Lakewood, CO — July 24, 2009 — Solera National Bancorp, Inc. (OTC Bulletin Board: SLRK), the holding company for Solera National Bank, reported second quarter 2009 financial results which reflect continued strong customer acquisition and balance sheet growth. The Company reported a net loss of $523,000 or ($0.20) per share compared with a net loss of $533,000 or ($0.21) per share a year ago. The Bank has steadily been narrowing losses as it moves toward profitability. The results were negatively impacted by a $41,000 one-time FDIC assessment to build insurance reserves.

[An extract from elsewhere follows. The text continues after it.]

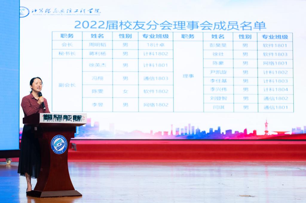 会议伊始,会场播放了“时光记忆”暖场视频,播放同学们在太阳成集团tyc122cc入口的青春岁月。随后,王静琦致辞,介绍了学校校友广大的覆盖面以及深厚的情感联系,表达了对学院校友分会的温暖祝福与美好祝愿。孔伟红《宣读计通学院2022届校友分会成立通知》,并表达了对分会蓬勃发展的期许和对全体毕业生的温暖祝福。紧接着进行了授旗仪式及出征宣誓,校友分会全体联络员上台接旗,王静琦进行授旗,分会秘书蒋利杨带领全体同学进行宣誓。校友分会会长周明韬发言,他发出两点倡议,一是铭记学校文化,秉承学院精神,不断提升自我;二是加强与校友会的沟通与联系,为母校的发展献计献策。张锦宣读了《计算机与通信工程学院关于表彰周明韬等优秀毕业生的通报》文件,随后大会为获得毕业生先进个人的优秀同学颁奖,全体领导老师上台为毕业学生送上了祝福。会议最后进行毕业教育,郑国义着重强调了安全问题。

During the second quarter 2009, total interest and dividend income was $1.13 million, the best in the Company’s history, growing 127% over the second quarter 2008. Interest and fee income on
loans was $469,000, also the highest in the Bank’s history, growing 233% over the second quarter 2008.
“We capitalized on our strength as a relationship bank, winning market share as businesses, professionals and individuals continue to seek a personalized, service-oriented approach to fulfilling their banking needs,” said President and CEO Douglas Crichfield. “We were very encouraged by the significant growth in interest income and strong core deposit growth, which is contributing to lower cost of funds and meaningful net interest margin expansion.”
The Company recorded net interest and dividend income of $667,000 in second quarter 2009, 26% higher than the prior quarter and 89% higher than second quarter 2008. The Company generated noninterest income of $101,000 in second quarter 2009, compared with $150,000 and $22,000, respectively, in first quarter 2009 and second quarter 2008. Noninterest expense in the second quarter totaled $1.16 million, and remained relatively flat compared with the two previous quarters.
“This is exactly the kind of growth one would hope to see at a young bank, but it was exceptionally gratifying to register this performance in a difficult economy,” said Crichfield. “We believe our continuing success underscores the strength of our service and our particular ability to serve Denver’s growing Hispanic market and business community.”
The Company reported record total assets of $96.4 million at the close of the second quarter 2009, compared with $48.6 million in second quarter 2008 and a $9.0 million increase from March 31, 2009. Loans of $39.3 million increased $8.2 million over the trailing quarter.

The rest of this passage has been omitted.